For decades, the neon sign of the Roxy diner has glowed on SW Harvey Milk Street, a beacon for hungover brunchers, teenagers seeking late-night pancakes, and — in particular — LGBTQ Portlanders, looking for a respite after nights at Darcelle’s or Scandals. Early on in the pandemic, the diner closed, boarding up its windows with plywood. The diner briefly reopened and closed in late 2020, and finally, in June of 2021, the Roxy fully reopened — not for 24-hour service, but still flipping massive pancakes and chicken-frying steaks, hosting drag shows in the street outside the building in what’s now called Pride Plaza. Nonetheless, on March 20 — after less than a year post-reopening — the Roxy will close permanently.

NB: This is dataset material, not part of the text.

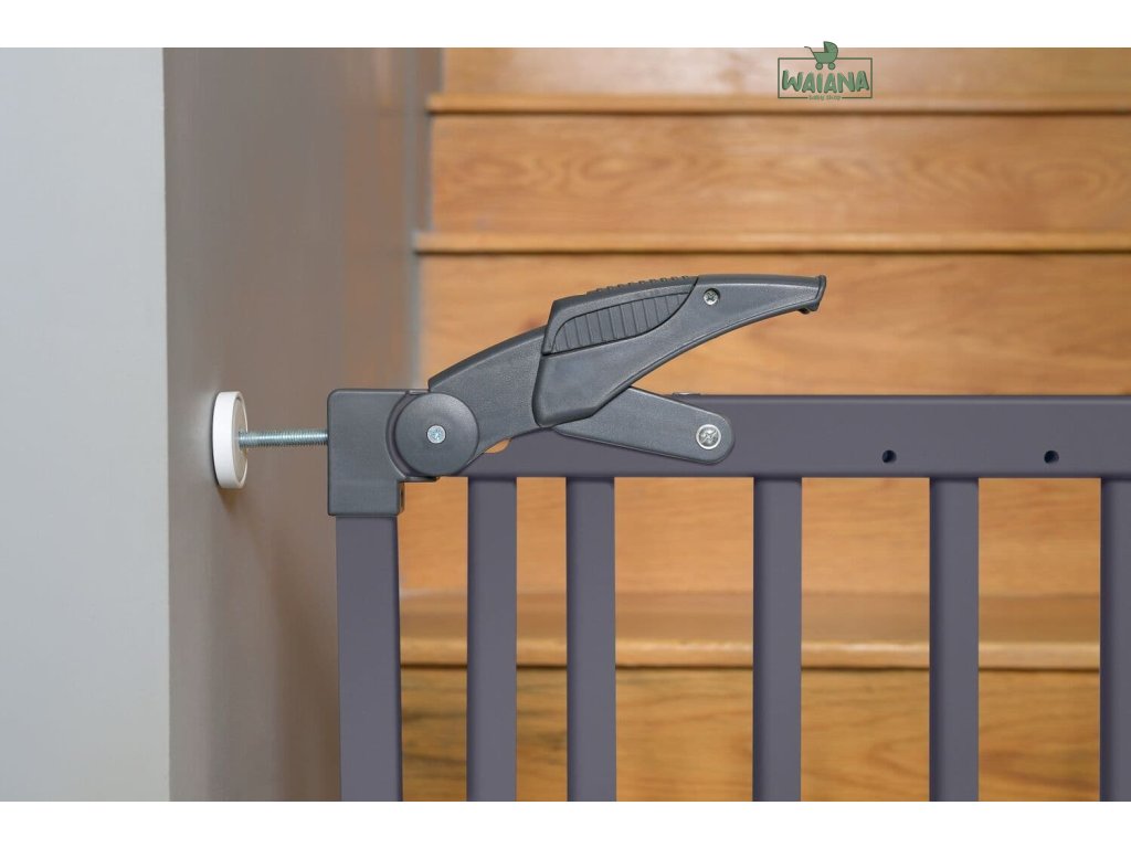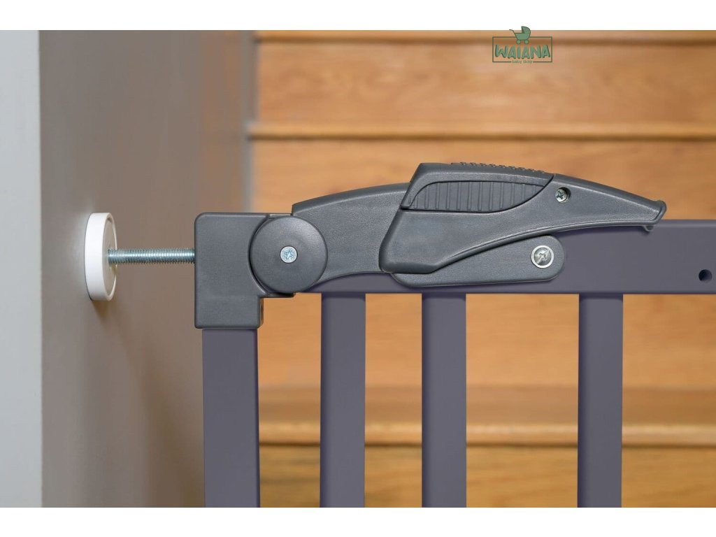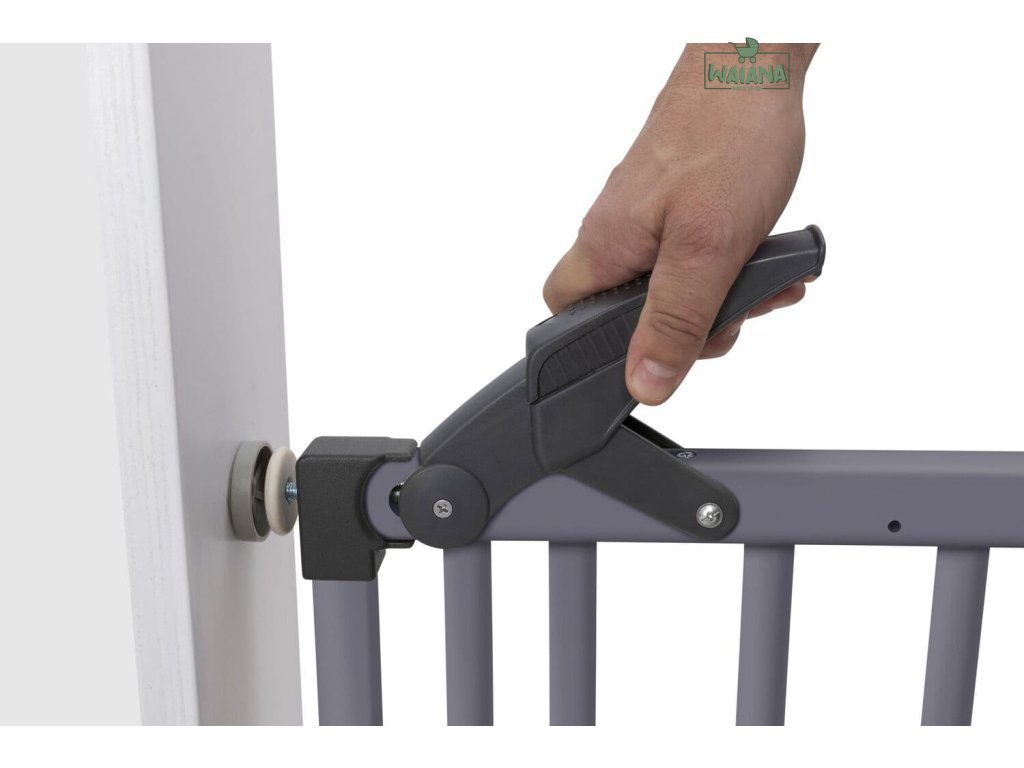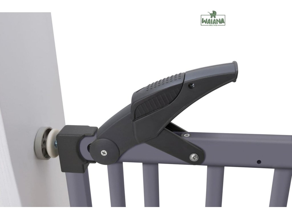 Zábranu lze otevřít v obou směrech a snadno a bezpečně zaklapne. Dospělá osoba zábranu otevře jednou rukou (dvoustupňové bezpečnostní zavírání). Rukojeť je vyrobená z plastu, snadno se čistí a dezinfikuje.

In a Wednesday evening Facebook post, the team at the Roxy noted that the diner has been struggling since March 2020, and hasn’t been able to recoup the losses. When the diner first tried to reopen, in February 2021, owner Suzanne Hale says a fire and resulting water damage forced the diner to stay closed for another four months. When the city decided to rehabilitate the building, Hale says they were pushed out. “We’ve just been losing money since the pandemic,” the closing announcement reads. “Staffing is hard enough these days, (for everyone) but with the building rehab looming, it’s nearly impossible.”

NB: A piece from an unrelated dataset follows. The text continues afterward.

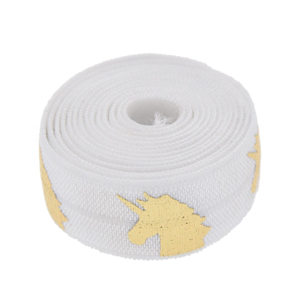 Amazon Com Hmr Foil Gold Unicorn Printed Fold Over Elastic Ribbon
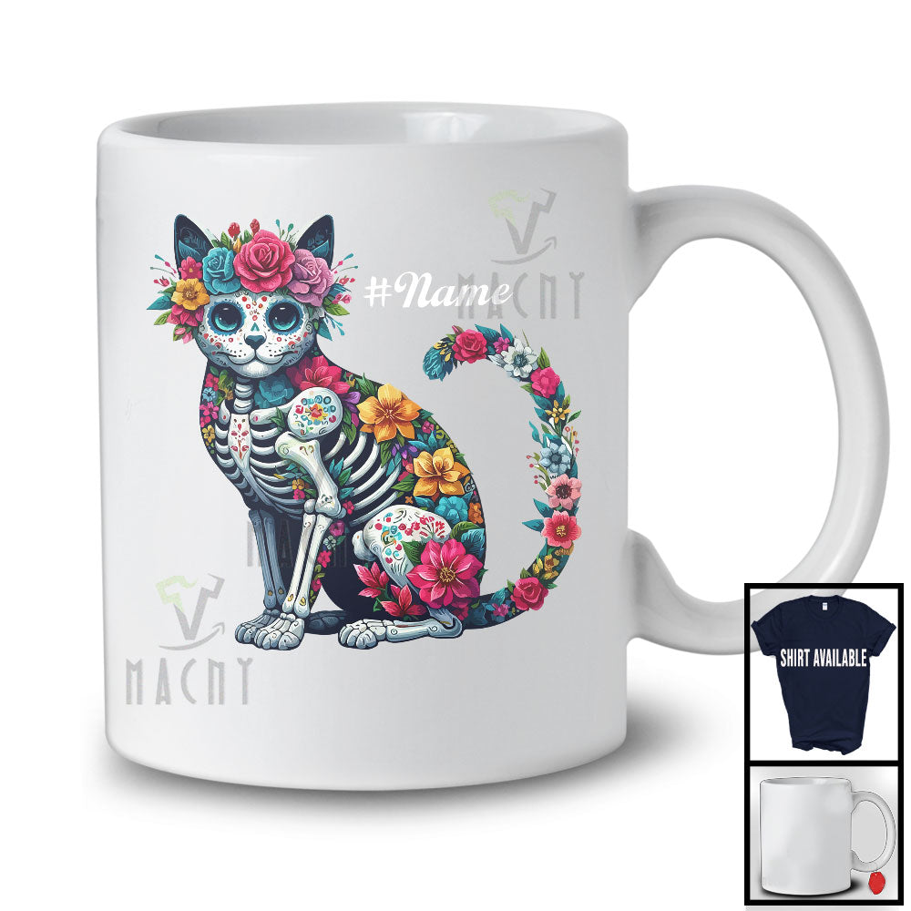 new MacnyStore - Personalized Custom Name Floral Skulls Cat; Lovely Halloween Dia De Los Muertos Mexican T-Shirt – Macnystore

Between repairing water damage, mounting expenses, and COVID-19, owner Suzanne Hale says that the idea of moving the diner and staying afloat was untenable. “The Roxy, it’s a 24-hour place; the night shift is what paid the bills,” Hale says. “Graveyard is not coming back, downtown is broken ... I have no choice, I’m out of money.”
Gabriel Matthews, a spokesperson for the Portland Housing Bureau (PHB), says the building’s rehabilitation was necessary, especially considering the building needed to meet 115 years worth of updated safety codes; however, PHB had hoped to help keep the Roxy in business by assisting with relocation. “As the rehab will take two to three years, our focus was on trying to help the Roxy stay in business rather than assuring them they’d have a space to come back to in the Fairfield,” Matthews says. “The extensive layout changes ... will likely not allow for retail/restaurant space in the Roxy’s current location. The rehab will also aim to provide more usable space on the ground floor for the very-low-income residents, many of whom are highly-mobility challenged.”

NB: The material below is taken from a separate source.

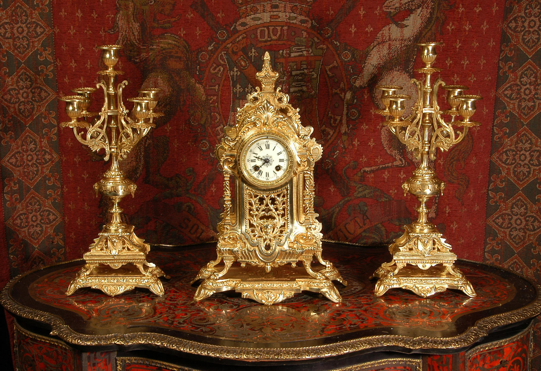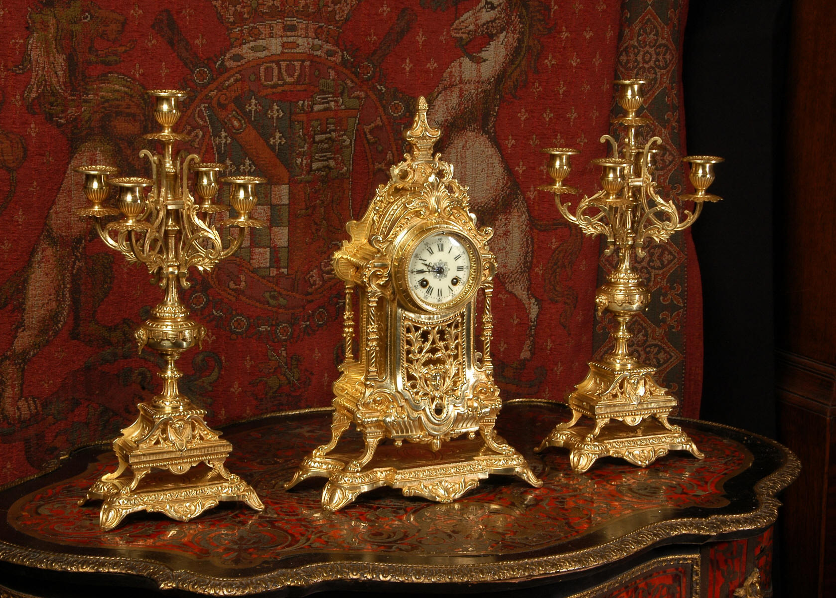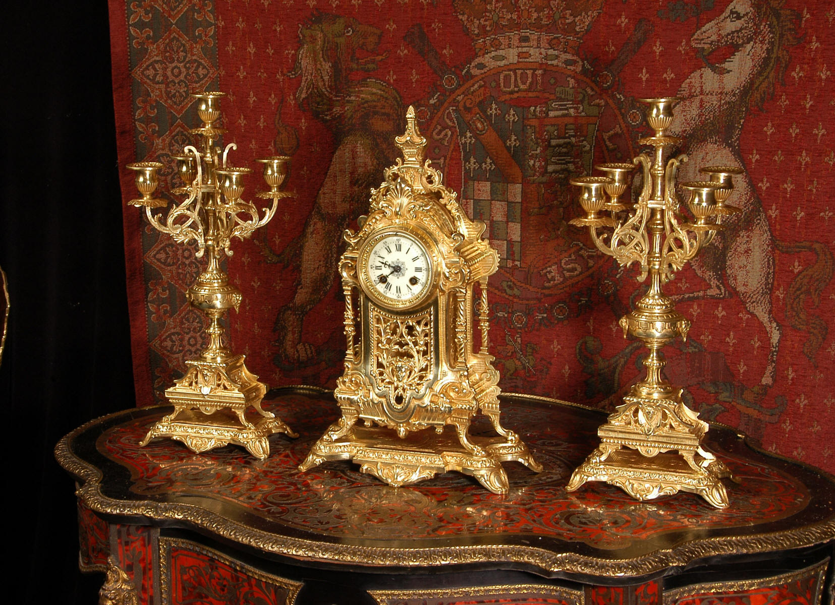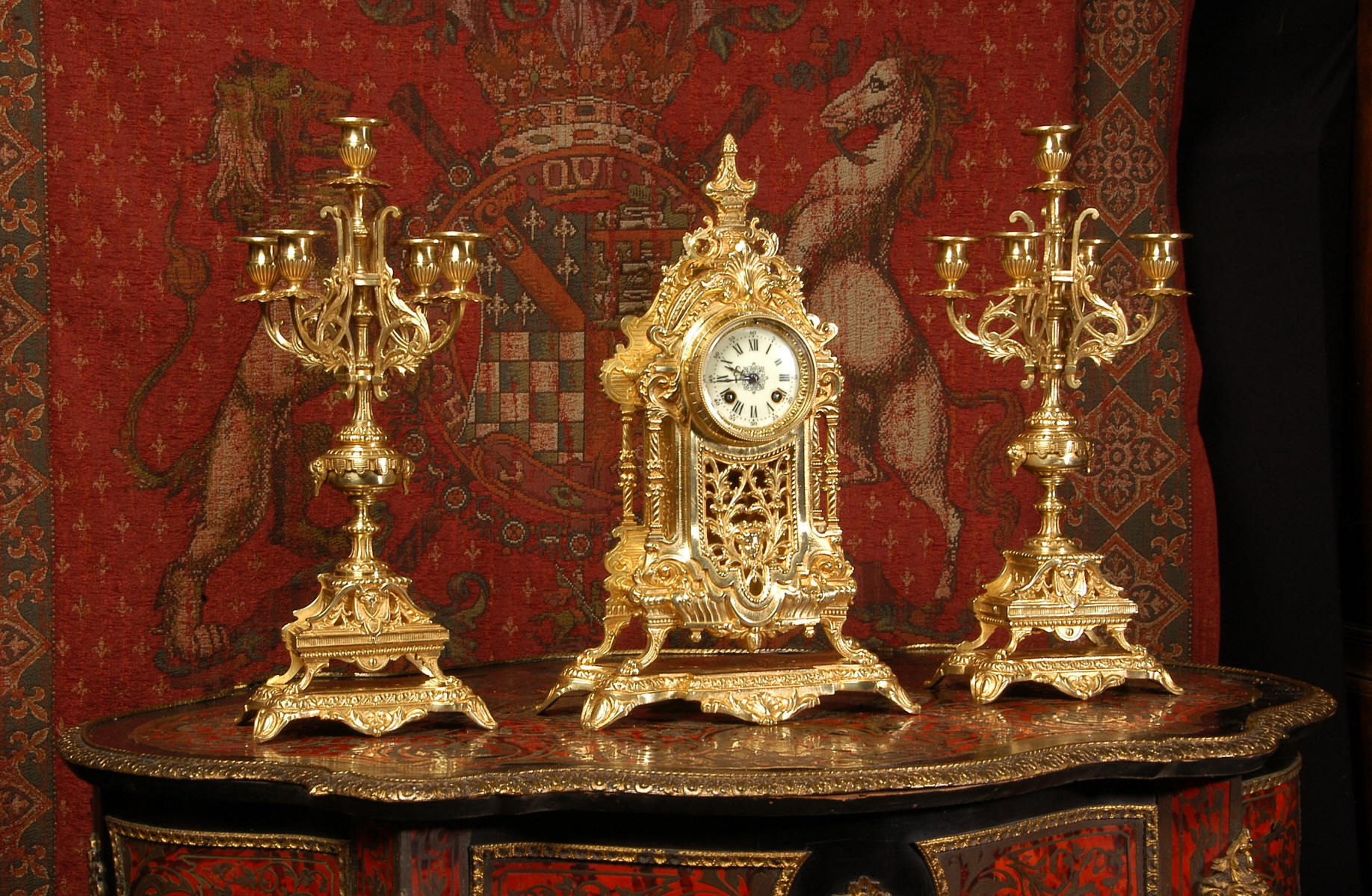 supplied if required. Dimensions of clock: inches Height 17 3/4", Width 11 3/4", Depth 5 1/2" centimetres Height 45 cm, Width 30 cm, Depth 14 cm Dimensions of candelabra: inches Height 18", Width 7", Depth 7" centimetres Height 46 cm, Width 18 cm, Depth 18 cm
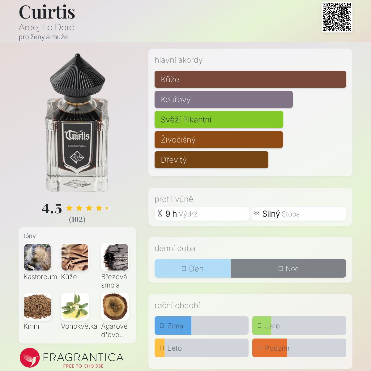 Cuirtis podle Areej Le Doré je Leather vůně pro ženy a muže. Toto je nová vůně. Cuirtis byl/a uveden/a v roce 2024. "Nosem" za touto vůní je Russian Adam. Vrchní tóny jsou Kastoreum, Kmín, Vonokvětka a Jalovcové bobulky; střední tóny jsouKastoreum, Březová smola, Orris, Vanilka, Pelargónie a Růže ; základní tóny jsou Kastoreum, Ruská kůže, Agarové dřevo (oud), Fialkový list a Dubový mech.

The Hollywood-themed Roxy opened in 1994, in the heart of Portland’s “Burnside triangle,” “pink triangle” or “vaseline alley.” It was an area known for its queer-friendly businesses, with a high concentration of LGBTQ bars and clubs. For decades, Hale — the Lovely Suzanne — has been the diner’s matriarch, arriving at 6:30 a.m. to make coffee and sweep cigarette butts from the curb.
In the following years, the Roxy became a haven among Portland’s LGBTQ youth: It was one of the few explicitly queer places someone under the age of 18 could frequent. “Sophomore year, the owner, ‘The Lovely Suzanne,’ came in to speak at a GSA meeting,” Thom Hilton writes in a Portland Monthly piece. “She wore pounds of makeup and a gown fit for a Pride parade; a Lunchtime Diva Queen in a hallway packed with snickering lacrosse bros. I remember Suzanne telling us how the Roxy wasn’t just a diner: it was a safe space for anyone who had nowhere else to go.”
“I’ve watched a lot of kids grow up, and make it,” Hale says. “I would be tough on them. I’d say, ‘If you’re going to be in here, you’ll behave,’ in a mom way ... but you watch these kids grow up, into productive, contributing people — there are a hundred stories like that.”
But the Roxy was truly for everyone: Tourists came by for brunch; workers would pop in for a quick morning egg and coffee. High school students would roll through the Roxy after cast parties or proms. They’d eat sandwiches and breakfast plates named for Hollywood stars and queer icons, Oregon celebrities and pop culture legends: One might sit down to a John Waters Sandwich with black forest ham and cheese; another may dunk Terry Sidie’s Chicken Strippers in ranch. It named dishes as memorials to people lost — from Robin Williams to long-standing customers. Soon, the Roxy itself may end up on a menu elsewhere, a testament to its legacy as a true Portland landmark.
The Roxy is open for limited hours through the 20th, from 8 a.m. to 5 p.m. (or later, depending on business). It’s located at 1121 SW Harvey Milk Street. Eater Portland has reached out to the Portland Housing Bureau for more information, and this story will be updated with more information.
Updated March 17, 2022, at 6:14 p.m.: This story was updated with comment from owner Suzanne Hale.
Correction, March 18, 2022, 12:33 p.m.: This story was corrected to show Eater reached out to the Portland Housing Bureau, not the Portland Housing Authority.
Updated March 22, 2022, 12:29 p.m.: This story was updated to include comment from the Portland Housing Bureau.